Directions for this task:
Needed from the data below: every line from the one with "Joe Jacket Wine" up to and including the one with "今天菲菲来为大家解答以上的问", repeated exactly and with nothing else.

[Stored data entries]
=== Section Start ===
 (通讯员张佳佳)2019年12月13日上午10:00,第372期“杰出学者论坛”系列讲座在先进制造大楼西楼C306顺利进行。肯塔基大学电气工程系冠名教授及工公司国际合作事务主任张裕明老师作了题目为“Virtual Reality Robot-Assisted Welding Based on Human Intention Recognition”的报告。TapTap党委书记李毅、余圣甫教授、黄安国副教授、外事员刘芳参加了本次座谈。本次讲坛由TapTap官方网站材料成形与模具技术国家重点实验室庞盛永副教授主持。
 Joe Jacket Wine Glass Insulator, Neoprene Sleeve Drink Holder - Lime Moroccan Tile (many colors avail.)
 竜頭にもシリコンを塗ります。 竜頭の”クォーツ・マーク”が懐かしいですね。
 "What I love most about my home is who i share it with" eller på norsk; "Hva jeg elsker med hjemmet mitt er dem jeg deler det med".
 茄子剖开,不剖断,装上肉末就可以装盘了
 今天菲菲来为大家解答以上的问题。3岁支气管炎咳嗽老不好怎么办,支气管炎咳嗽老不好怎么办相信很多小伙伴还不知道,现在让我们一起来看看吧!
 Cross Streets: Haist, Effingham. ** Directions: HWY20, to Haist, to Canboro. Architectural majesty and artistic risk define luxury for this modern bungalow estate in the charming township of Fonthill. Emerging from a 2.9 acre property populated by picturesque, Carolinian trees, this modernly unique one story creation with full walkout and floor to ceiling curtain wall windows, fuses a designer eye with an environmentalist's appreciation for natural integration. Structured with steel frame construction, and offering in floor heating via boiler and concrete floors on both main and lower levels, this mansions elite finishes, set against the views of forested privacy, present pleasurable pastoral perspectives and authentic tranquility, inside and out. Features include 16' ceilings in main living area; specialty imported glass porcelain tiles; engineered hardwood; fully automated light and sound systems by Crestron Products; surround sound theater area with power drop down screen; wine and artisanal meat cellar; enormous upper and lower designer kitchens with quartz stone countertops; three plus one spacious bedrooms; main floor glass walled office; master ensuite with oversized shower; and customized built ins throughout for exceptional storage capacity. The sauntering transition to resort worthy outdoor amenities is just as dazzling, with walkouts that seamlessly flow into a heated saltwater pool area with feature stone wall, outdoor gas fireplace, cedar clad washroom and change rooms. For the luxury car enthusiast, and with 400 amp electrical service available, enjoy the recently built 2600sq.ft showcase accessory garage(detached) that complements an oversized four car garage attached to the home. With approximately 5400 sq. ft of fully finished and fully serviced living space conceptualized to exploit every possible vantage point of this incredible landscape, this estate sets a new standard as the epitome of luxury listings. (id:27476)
=== Section End ===
Solution to the problem:
 Joe Jacket Wine Glass Insulator, Neoprene Sleeve Drink Holder - Lime Moroccan Tile (many colors avail.)
 竜頭にもシリコンを塗ります。 竜頭の”クォーツ・マーク”が懐かしいですね。
 "What I love most about my home is who i share it with" eller på norsk; "Hva jeg elsker med hjemmet mitt er dem jeg deler det med".
 茄子剖开,不剖断,装上肉末就可以装盘了
 今天菲菲来为大家解答以上的问题。3岁支气管炎咳嗽老不好怎么办,支气管炎咳嗽老不好怎么办相信很多小伙伴还不知道,现在让我们一起来看看吧!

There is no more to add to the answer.